• Exercise
Within the material below, tally every line that holds the word "para", then give the tally and nothing more.

• Supplied material
————————

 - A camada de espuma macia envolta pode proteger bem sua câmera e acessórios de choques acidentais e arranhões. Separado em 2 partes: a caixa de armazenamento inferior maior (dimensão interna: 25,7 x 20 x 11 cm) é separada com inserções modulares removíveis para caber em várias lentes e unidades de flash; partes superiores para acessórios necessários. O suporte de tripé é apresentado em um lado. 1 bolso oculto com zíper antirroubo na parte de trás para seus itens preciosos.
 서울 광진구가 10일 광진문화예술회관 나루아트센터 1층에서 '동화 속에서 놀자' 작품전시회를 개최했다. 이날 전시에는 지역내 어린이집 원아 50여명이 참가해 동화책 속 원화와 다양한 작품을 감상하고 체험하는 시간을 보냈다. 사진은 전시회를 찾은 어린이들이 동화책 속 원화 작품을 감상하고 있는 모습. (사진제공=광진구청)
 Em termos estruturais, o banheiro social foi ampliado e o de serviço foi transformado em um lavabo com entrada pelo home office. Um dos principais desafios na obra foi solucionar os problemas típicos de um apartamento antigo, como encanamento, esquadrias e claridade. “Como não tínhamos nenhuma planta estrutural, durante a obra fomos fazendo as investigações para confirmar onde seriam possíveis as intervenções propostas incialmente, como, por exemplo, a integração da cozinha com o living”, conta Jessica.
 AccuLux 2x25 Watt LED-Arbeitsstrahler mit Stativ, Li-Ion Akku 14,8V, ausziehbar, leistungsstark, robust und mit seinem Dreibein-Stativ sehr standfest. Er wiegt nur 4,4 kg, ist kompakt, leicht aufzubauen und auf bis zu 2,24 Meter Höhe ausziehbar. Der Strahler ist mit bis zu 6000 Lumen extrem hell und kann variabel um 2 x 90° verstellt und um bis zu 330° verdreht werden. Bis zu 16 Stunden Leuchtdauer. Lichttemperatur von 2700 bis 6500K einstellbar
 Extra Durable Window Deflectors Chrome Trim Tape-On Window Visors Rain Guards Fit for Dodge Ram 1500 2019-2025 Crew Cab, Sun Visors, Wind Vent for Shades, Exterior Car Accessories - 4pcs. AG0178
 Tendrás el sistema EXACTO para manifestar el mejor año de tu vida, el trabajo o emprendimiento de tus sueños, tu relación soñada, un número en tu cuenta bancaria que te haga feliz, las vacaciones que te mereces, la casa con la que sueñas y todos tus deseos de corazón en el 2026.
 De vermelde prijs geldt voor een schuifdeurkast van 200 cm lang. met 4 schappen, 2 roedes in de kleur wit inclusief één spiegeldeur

————————

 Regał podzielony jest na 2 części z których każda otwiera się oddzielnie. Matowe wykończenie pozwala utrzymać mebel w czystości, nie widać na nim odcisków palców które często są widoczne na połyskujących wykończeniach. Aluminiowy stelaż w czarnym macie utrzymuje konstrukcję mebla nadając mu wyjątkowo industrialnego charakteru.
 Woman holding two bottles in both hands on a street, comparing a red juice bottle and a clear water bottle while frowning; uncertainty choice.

————————

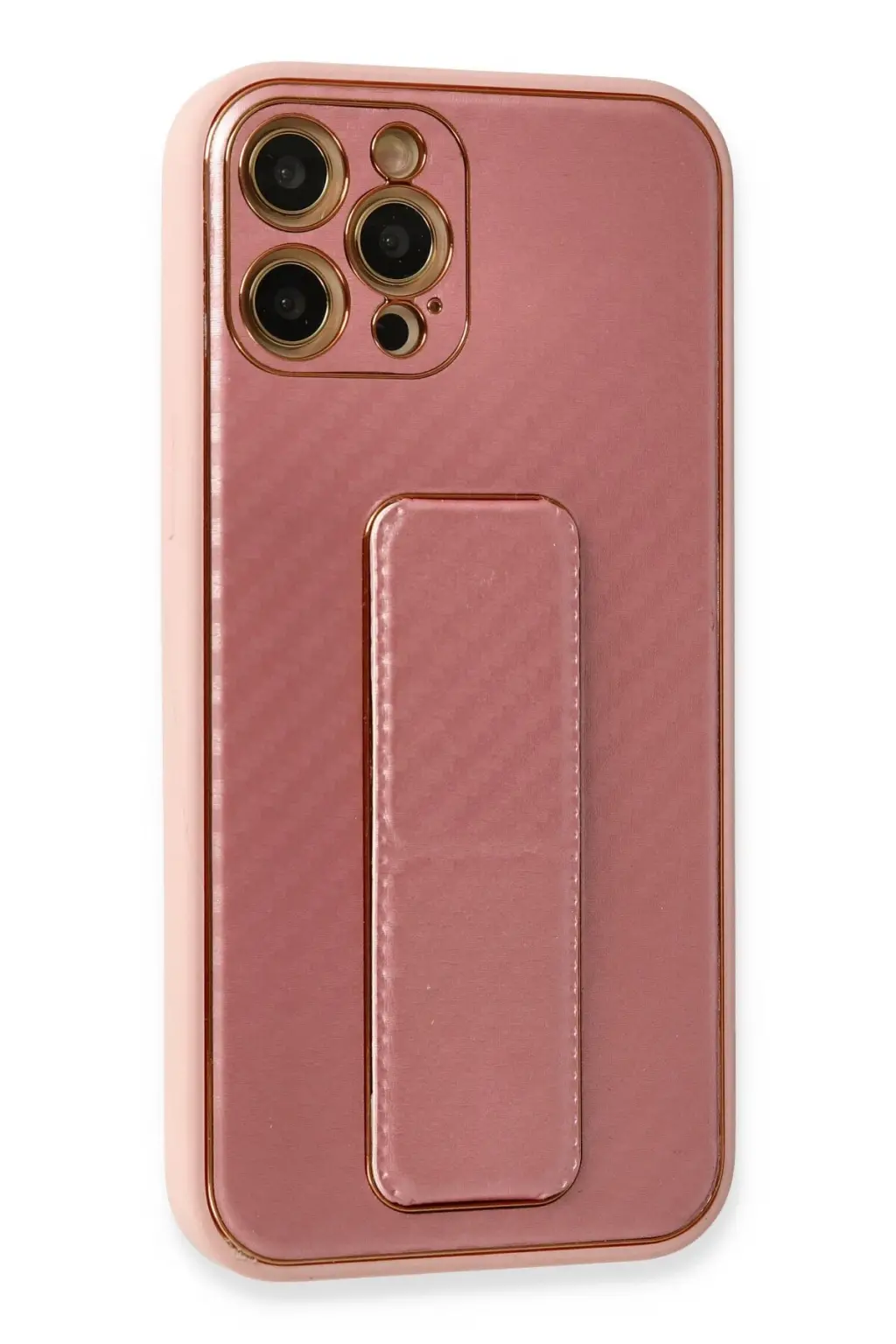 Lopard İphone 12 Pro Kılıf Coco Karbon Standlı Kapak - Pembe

————————

• Answer area
3